WHAT YOU WILL DO: Write out, with no changes, every line starting at the one that contains "Unia Krzywda zakończenie sezonu 2024/2025" and ending at the last line of the data below. Leave pictures out.

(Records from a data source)
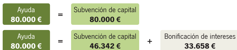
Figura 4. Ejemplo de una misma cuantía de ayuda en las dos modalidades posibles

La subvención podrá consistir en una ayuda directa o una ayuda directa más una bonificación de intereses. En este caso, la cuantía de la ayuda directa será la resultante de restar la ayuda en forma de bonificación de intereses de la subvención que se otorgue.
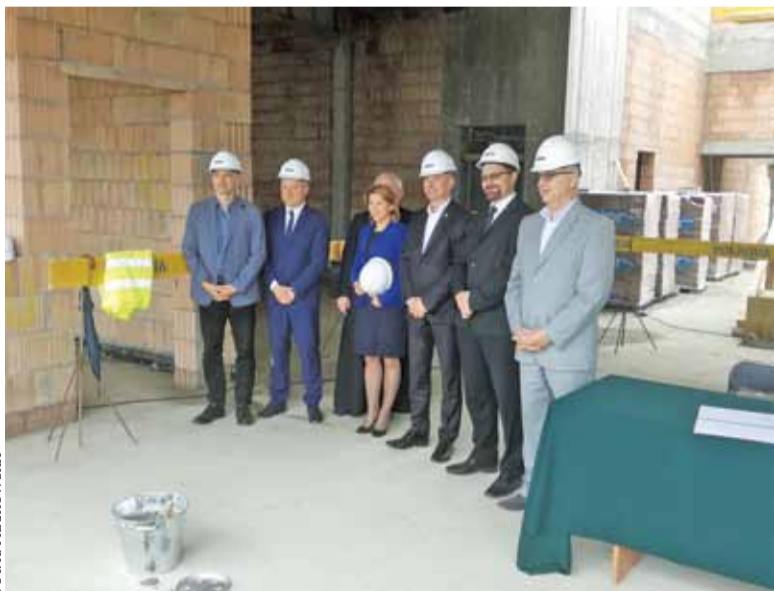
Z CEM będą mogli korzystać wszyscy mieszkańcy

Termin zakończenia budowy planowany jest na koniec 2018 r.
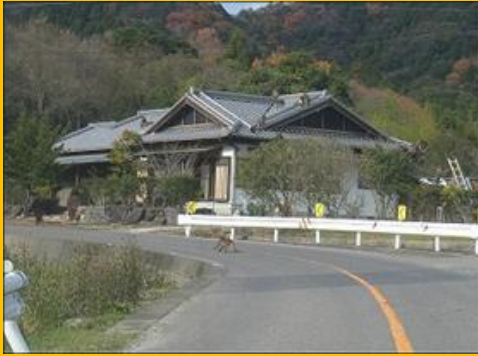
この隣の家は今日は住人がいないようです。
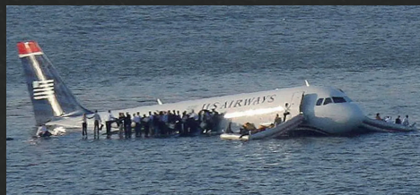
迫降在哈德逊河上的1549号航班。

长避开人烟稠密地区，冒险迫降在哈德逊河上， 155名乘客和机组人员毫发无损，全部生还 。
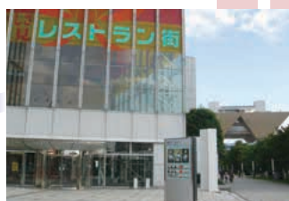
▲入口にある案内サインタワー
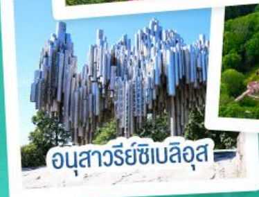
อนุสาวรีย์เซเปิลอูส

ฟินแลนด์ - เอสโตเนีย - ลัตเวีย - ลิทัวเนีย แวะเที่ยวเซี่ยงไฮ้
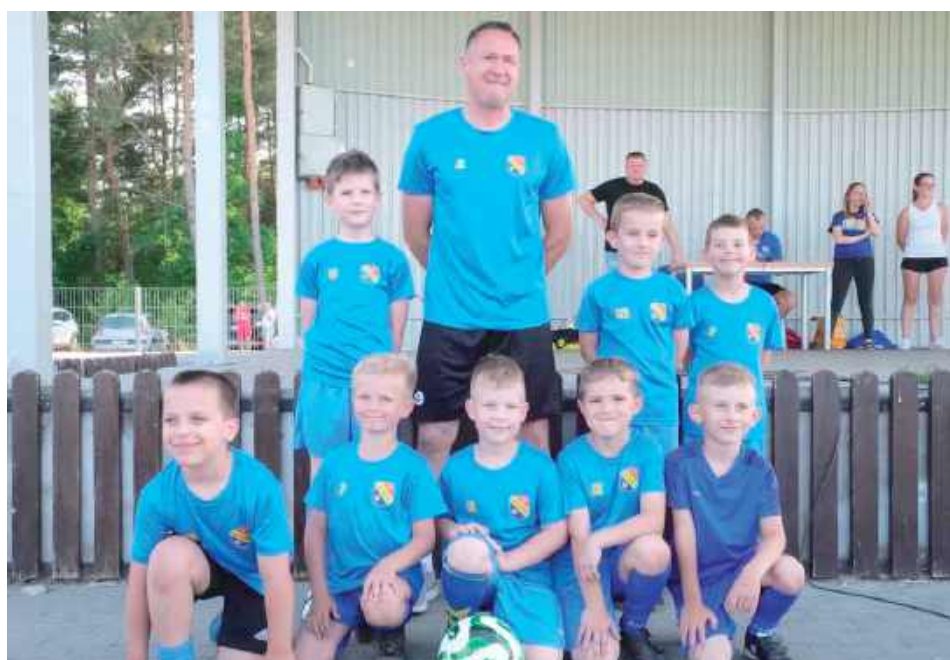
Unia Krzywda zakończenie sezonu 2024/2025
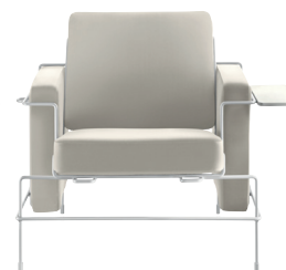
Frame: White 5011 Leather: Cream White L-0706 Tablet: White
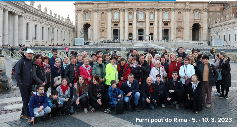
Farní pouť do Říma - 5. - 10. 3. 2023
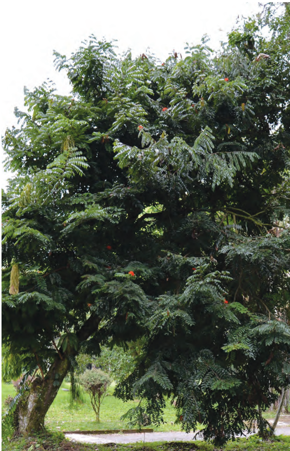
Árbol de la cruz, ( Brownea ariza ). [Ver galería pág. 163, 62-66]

ANSWER SECTION:
Unia Krzywda zakończenie sezonu 2024/2025
Frame: White 5011 Leather: Cream White L-0706 Tablet: White
Farní pouť do Říma - 5. - 10. 3. 2023
Árbol de la cruz, ( Brownea ariza ). [Ver galería pág. 163, 62-66]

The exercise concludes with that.